Landreform: Südafrika bestellt US-Diplomaten ein

Nach einem Tweet von US-Präsident Donald Trump zur umstrittenen Landreform in Südafrika hat das dortige Außenministerium den Geschäftsträger der US-Botschaft einbestellt. Südafrika plant, weiße Farmer zu enteignen.

Südafrika Attacken auf weiße Farmer (Getty Images/AFP/G. Khan)

Droht ihm die Enteignung? Farmer Piet Swanepoel auf seinem Besitz in der Provinz Limpopo in Südafrika

Außenministerin Hon Lindiwe Sisulu wollte die Unzufriedenheit der Regierung und Bevölkerung über den "auf falschen Informationen basierenden Tweet" des US-Präsidenten zum Ausdruck bringen, hieß es in einer veröffentlichten Mitteilung des Ministeriums bei Facebook. Trumps Tweet sei durch südafrikanische Lobbyisten beeinflusst worden, welche die Landreform zum Scheitern bringen wollten, hieß es vom südafrikanischen Außenministerium. Der Geschäftsträger der US-Botschaft sei informiert worden, dass Pretoria "enttäuscht" über die unterlassene Nutzung vorhandener diplomatischer Kanäle sei.

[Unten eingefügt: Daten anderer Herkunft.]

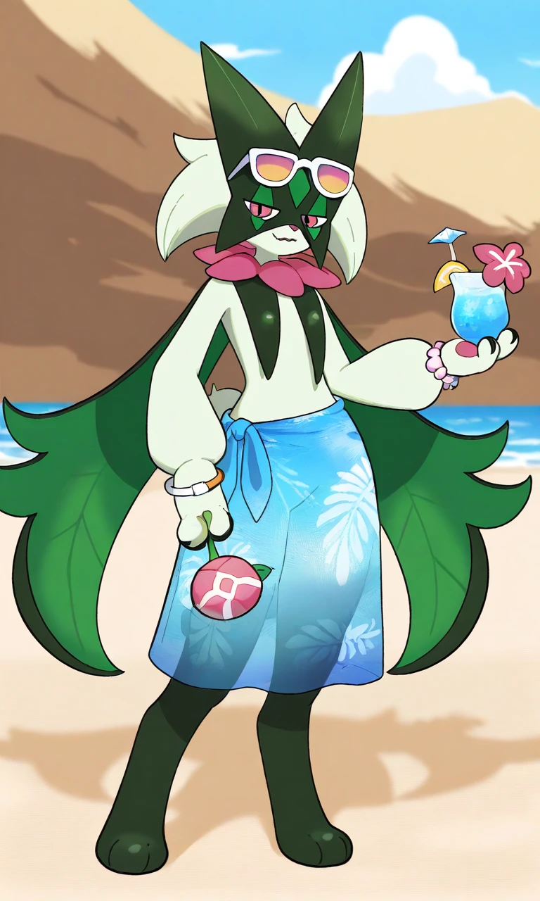A very sexy woman in beachwear holding a flower in front of a beach background, hairy woman, masterpiece, high quality, flat chest, alone, 1 girl, MeowXL, meowscarada, Pokemon (creature), alone, red eyes, hairy, sunglasses, smile, glasses on head, holding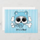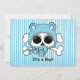 Niedlicher Babyschädel und Kreuzknochen mit blauer Hut und Schnuller.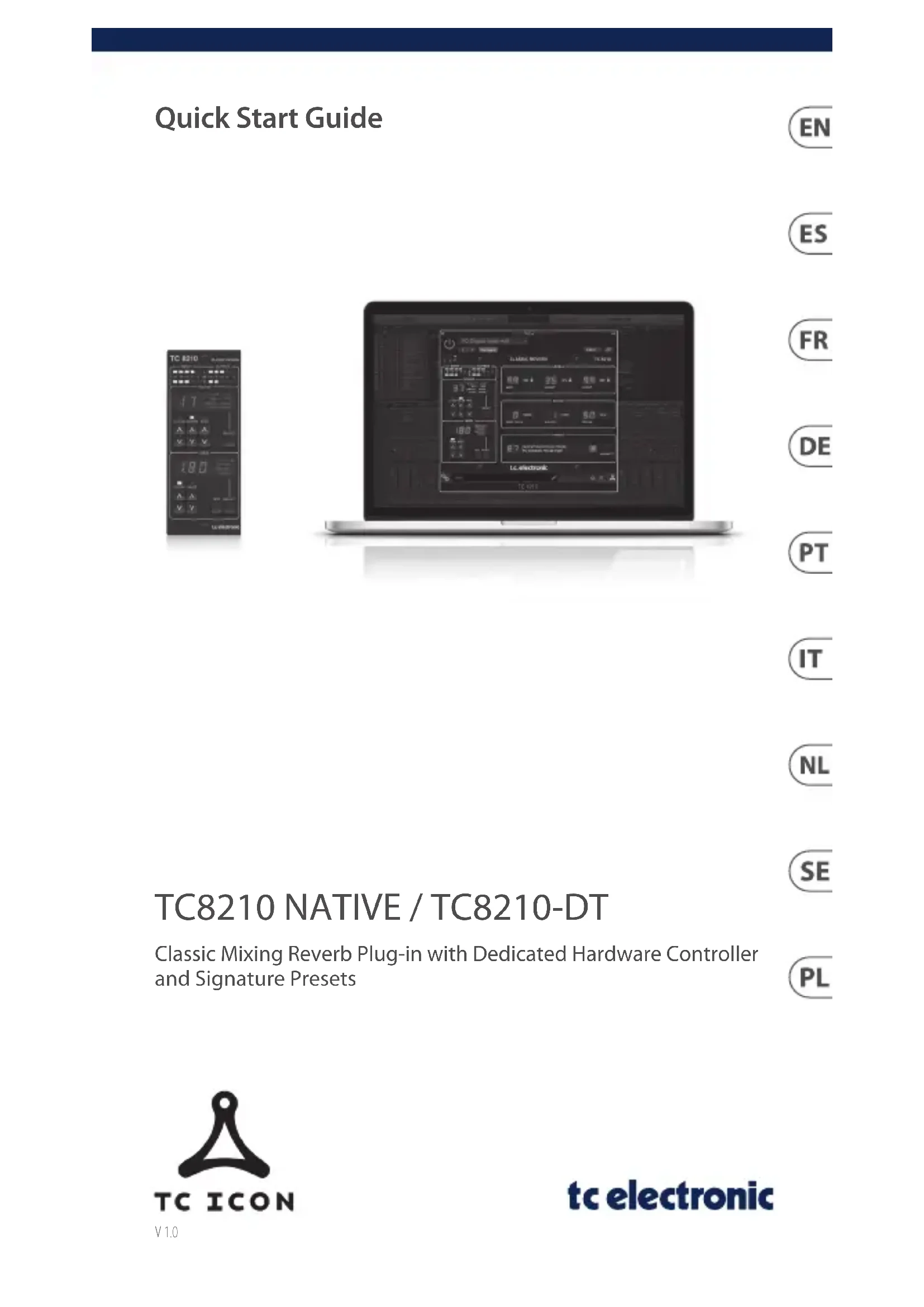OGRANICZONA GWARANCJA Ważne informacje o bezpieczeństwie20 TC8210 21Quick Start Guide Thank you for purchasing the TC8210 classic reverb. Read through this Quick Start Guide to get things set up, and don’t forget to download the full manual from tcelectronic.com for all the in-depth explanations. Software Download and Installation The combined TC8210 plug-in installer for both the NATIVE and DT Desktop Controller products can be downloaded from the following page: www.tcelectronic.com/TC8210-dt/support/ The TC8210 plug-in requires either an active PACE iLok license (when buying the NATIVE version) or a connected Desktop Controller (when you have purchased the DT version). All parameters are available in the plug-in. Save the installer le (.pkg or .msi le) in a convenient location on your hard drive. Double click the installer and follow the instructions to install the plug-in. Activate your TC8210 iLok license (when you have purchased the NATIVE version) Step 1: Install iLok The rst step is to create an iLok user account at www.iLok.com and install the PACE iLok License Manager on your computer if it’s your rst time using iLok. Step 2: Activation In the received mail (when buying the NATIVE version) you will nd your personal Activation Code. To activate your software, please use the Redeem an Activation Code feature in the PACE iLok License Manager. Get a Free Demo License Make use of this hassle-free oer to try out our plug-ins before you buy.

Südafrika Außenministerin Lindiwe Nonceba Sisulu (Imago/Zumapress/L. Rampelotto)

Verbittet sich Trumps Einmischung: Südafrikas Außenministerin Lindiwe Nonceba Sisulu

Trump hatte sich per Twitter in die Debatte über die umstrittene Landreform in Südafrika eingemischt. Er habe Außenminister Mike Pompeo angewiesen, Enteignungen von Bauern und Beschlagnahmungen landwirtschaftlicher Betriebe sowie die "großangelegte Tötung von Farmern" in Südafrika genau zu beobachten, twitterte er.

Kurz zuvor hatte der konservative und Trump nahe stehende Sender Fox News einen Bericht über Enteignungen von weißen Landwirten ausgestrahlt. Moderator Tucker Carlson bezeichnete die mehrheitlich schwarze Regierung Südafrikas darin als "rassistisch".

Weiße dominieren Landwirtschaft

In Südafrika machen Weiße ungefähr 10 Prozent der Bevölkerung aus, aber knapp ein Vierteljahrhundert nach dem Ende des rassistischen Apartheid-Regimes gehört ihnen immer noch etwa 72 Prozent des landwirtschaftlich genutzten Landes. Schwarzen war der Landbesitz während der Apartheid-Jahre verboten.

Die Sprecherin des US-Außenministeriums, Heather Nauert, sagte, die Vereinigten Staaten seien der Ansicht, dass eine entschädigungslose Landbeschlagnahme in Südafrika das Land auf einen falschen Weg bringen würde.